As we complete peanut planting farmers are heading to the field to analyze the plant stands and weed concerns on a field by field basis. Fortunately with the spring rains and good soil moisture conditions I haven’t seen any replant situations except for a few wet holes that can’t be planted anyway. However, many farmers are finding “skippy” stands below their target populations. We have talked all spring about the cool weather and the potential impacts on seed germination and vigor.

Many farmers are concerned about two issues. 1) Is the plant stand sufficient for top yields, and 2) Did we cut too many corners in seeding rates, in-furrow treatments, thrips treatments, fertilizer rates, etc. The following are my general responses to farmers as we discuss these issues.

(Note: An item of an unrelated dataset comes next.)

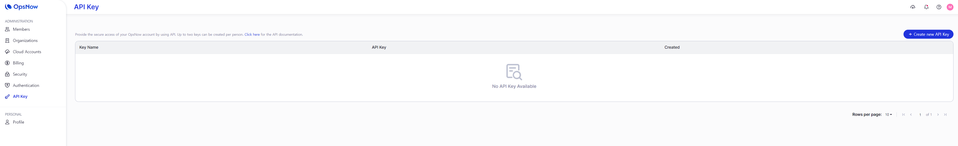 The API Key menu allows you to manage the security access keys used to integrate with OpsNow APIs.

1). The University of Georgia has completed extensive research to document plant stands required for maximum yields. Trials were completed in both single and twin-row configurations. For the twin-row configuration, there was no yield increase from replanting stands above 2.25 plants per foot under irrigation. However non-irrigated stands of 2.25 plants per foot on the twin row showed a yield increase up to 750 pounds per acre when supplemental seeds were planted to augment the weak stand. In single row plantings, yield and economic benefits were not often observed when replanting peanut stands of greater than 2.0 plants per foot.

2)Many farmers have made wholesale changes to their program in order to meet the budget requirements of growing peanuts for $400-425 per ton. However I think we can look past these changes and toward the recommendations provided by Dr. Scott Tubbs, UGA Research Agronomist:” I received a message from Scott Hobby, the  Seed Regulatory Program Manager at the GA Dept. of Ag. Seed Lab in Tifton.  Mr. Hobby stated that GA-06G has been  struggling with germination this year in the laboratory’s cold tests.  Overall seed germination results are good,  but the drastically reduced germination in the cold test is further evidence  that growers need to be cautioned about planting their peanut seed too early  when there are still strong possibilities for a cold front to drop soil  temperatures rapidly, which could lead to poor, erratic plant stands.”

Professionally speaking, I don’t have any specific concerns about the plant stands we are seeing in the area. We are now seeing the earlier planted peanuts really coming on strong a in the last ten days. This filling in the gaps has eased some of the farmers early concerns.